===== Information provided =====

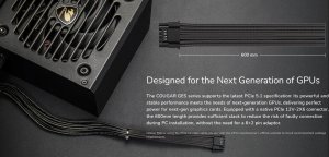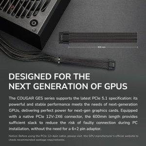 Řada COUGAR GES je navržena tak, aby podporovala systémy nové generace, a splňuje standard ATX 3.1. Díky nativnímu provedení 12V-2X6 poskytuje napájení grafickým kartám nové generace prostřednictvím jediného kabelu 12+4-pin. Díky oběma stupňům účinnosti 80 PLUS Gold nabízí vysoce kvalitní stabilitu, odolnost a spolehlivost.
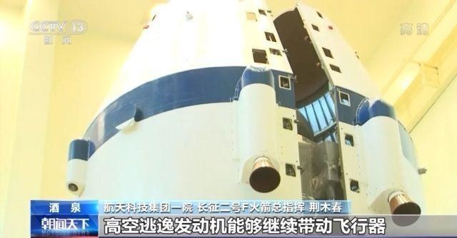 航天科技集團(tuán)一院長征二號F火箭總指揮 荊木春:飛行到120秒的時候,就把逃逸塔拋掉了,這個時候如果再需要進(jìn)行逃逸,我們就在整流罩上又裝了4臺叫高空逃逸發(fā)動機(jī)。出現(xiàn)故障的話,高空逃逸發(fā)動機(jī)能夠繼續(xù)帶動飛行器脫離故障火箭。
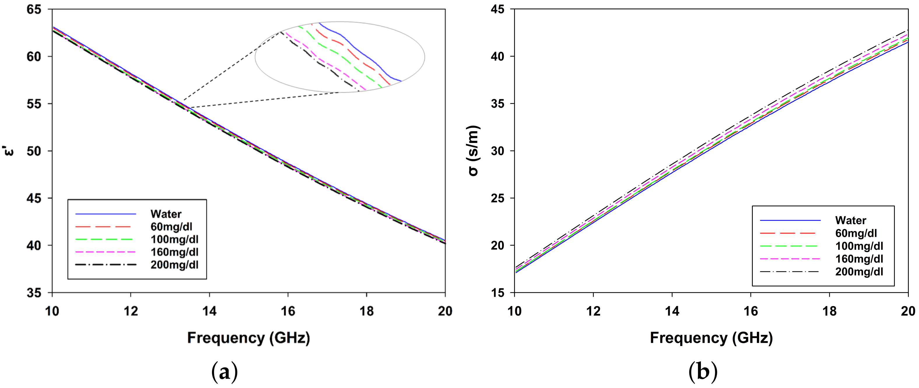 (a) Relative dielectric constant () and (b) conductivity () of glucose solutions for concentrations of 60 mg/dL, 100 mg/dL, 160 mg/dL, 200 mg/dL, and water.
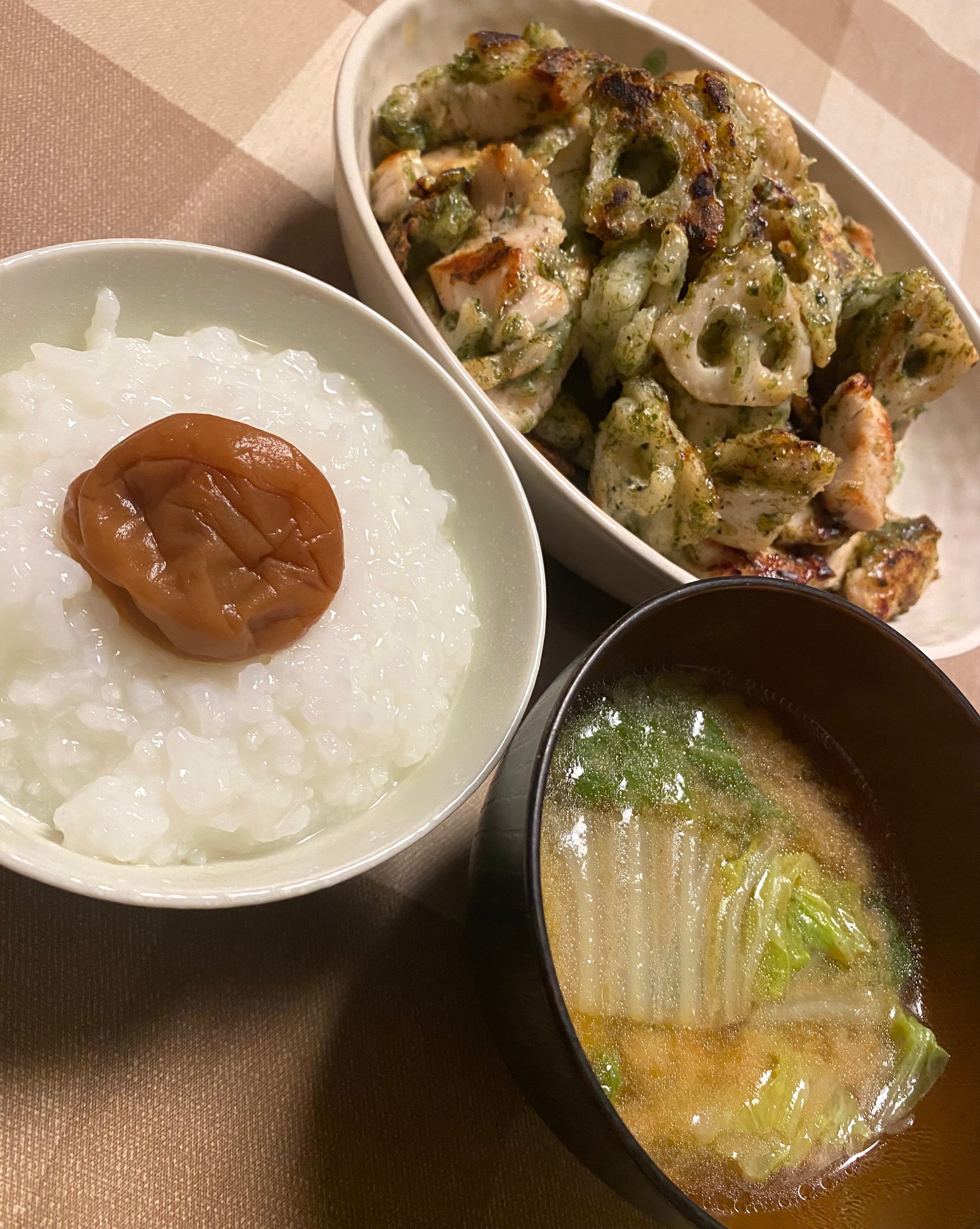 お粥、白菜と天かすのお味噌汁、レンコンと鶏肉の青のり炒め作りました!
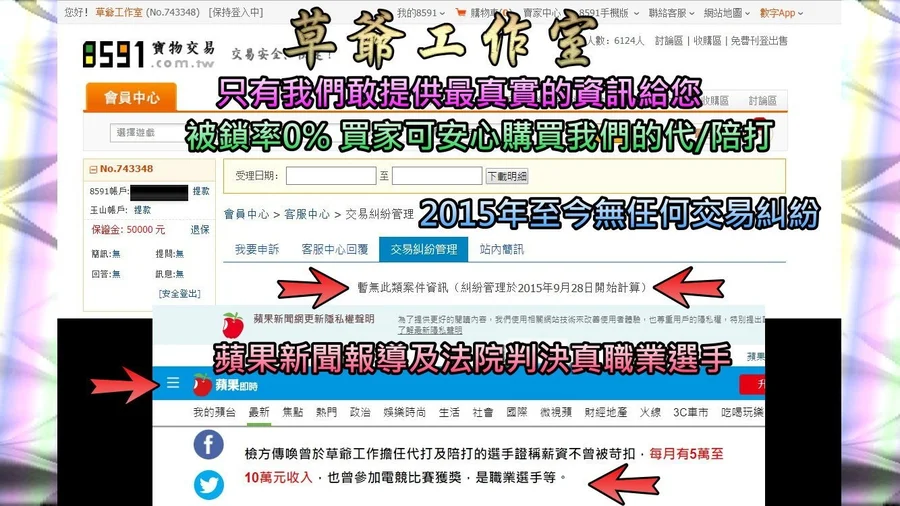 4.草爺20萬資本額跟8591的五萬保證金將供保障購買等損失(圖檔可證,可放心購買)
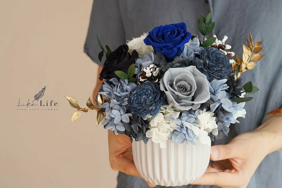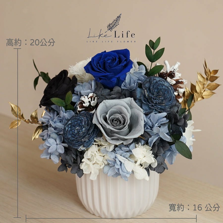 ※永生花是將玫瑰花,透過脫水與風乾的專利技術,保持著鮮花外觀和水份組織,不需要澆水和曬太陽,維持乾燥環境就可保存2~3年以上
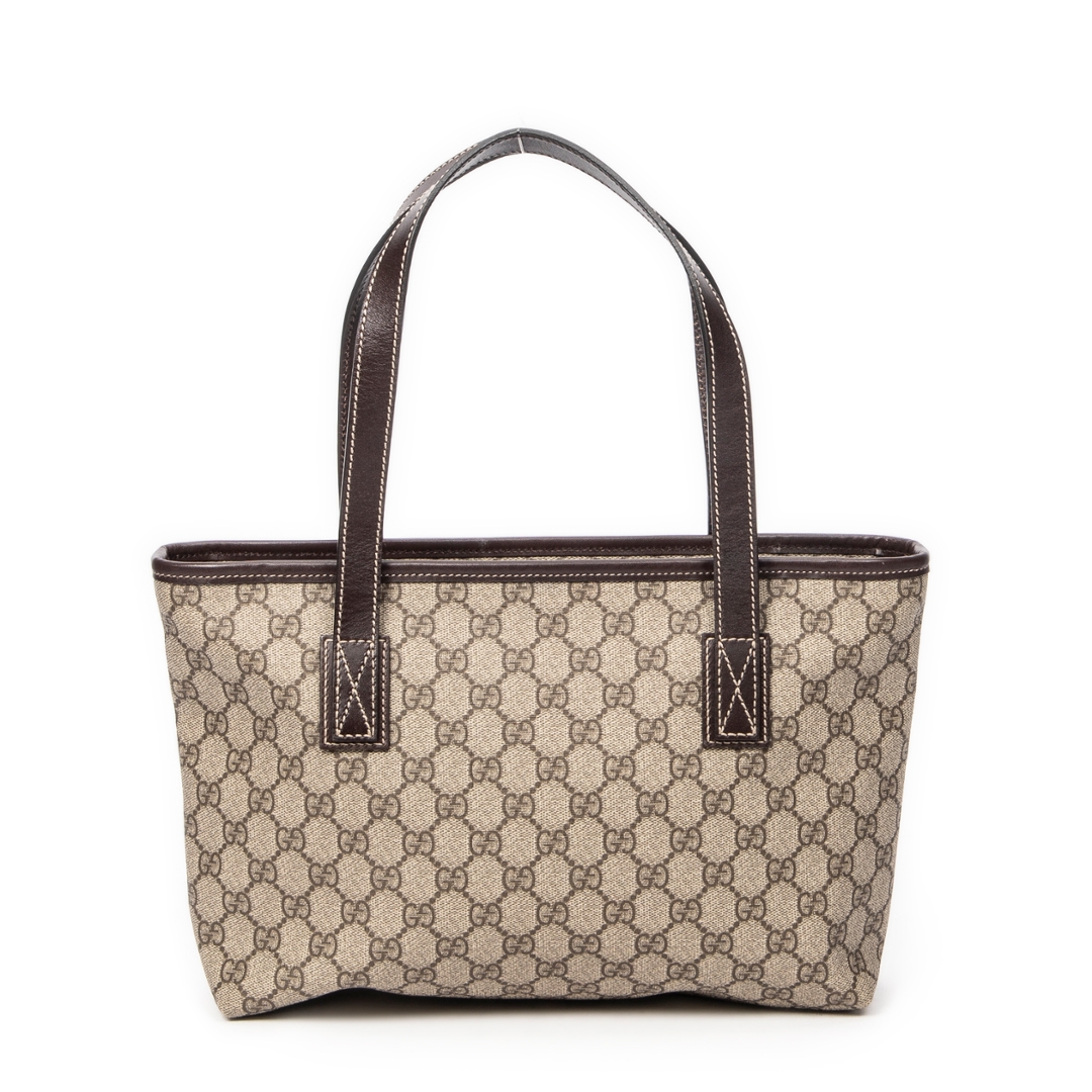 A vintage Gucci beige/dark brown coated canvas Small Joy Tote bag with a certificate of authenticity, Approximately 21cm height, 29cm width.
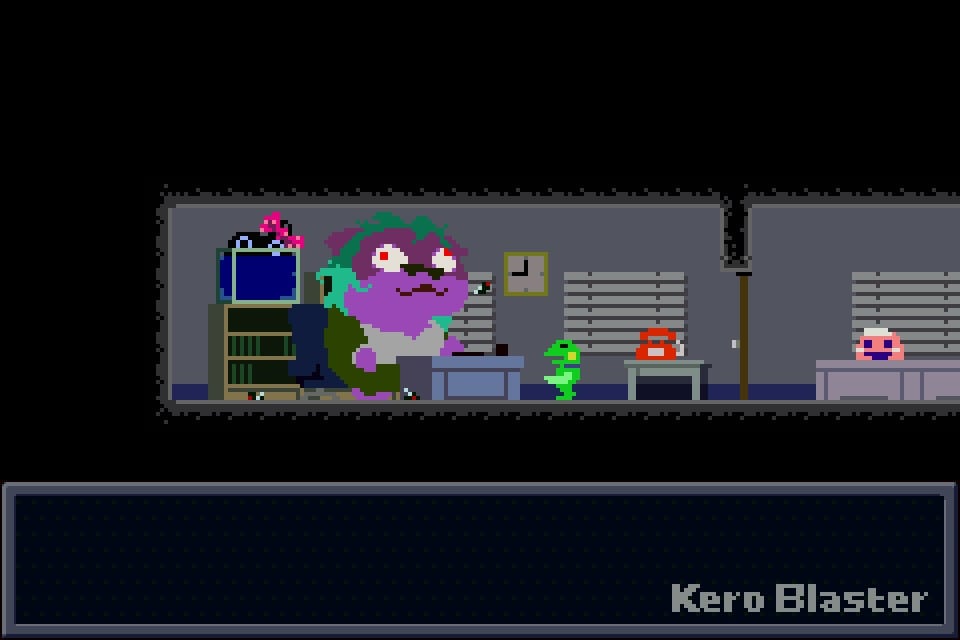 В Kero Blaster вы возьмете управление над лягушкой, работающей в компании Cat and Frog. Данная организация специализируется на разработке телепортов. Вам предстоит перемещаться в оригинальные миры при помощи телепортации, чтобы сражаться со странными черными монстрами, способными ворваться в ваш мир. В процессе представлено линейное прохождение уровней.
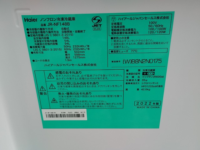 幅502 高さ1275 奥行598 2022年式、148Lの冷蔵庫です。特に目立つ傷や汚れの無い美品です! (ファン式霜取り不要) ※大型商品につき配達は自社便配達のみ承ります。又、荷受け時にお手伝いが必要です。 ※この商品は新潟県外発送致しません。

=====

Retype only the lines above from the one with "航天科技集團(tuán)一院" through the one with "(a) Relative dielectric", exactly and with both ends. Images stay out.

 航天科技集團(tuán)一院長征二號F火箭總指揮 荊木春:飛行到120秒的時候,就把逃逸塔拋掉了,這個時候如果再需要進(jìn)行逃逸,我們就在整流罩上又裝了4臺叫高空逃逸發(fā)動機(jī)。出現(xiàn)故障的話,高空逃逸發(fā)動機(jī)能夠繼續(xù)帶動飛行器脫離故障火箭。
 (a) Relative dielectric constant () and (b) conductivity () of glucose solutions for concentrations of 60 mg/dL, 100 mg/dL, 160 mg/dL, 200 mg/dL, and water.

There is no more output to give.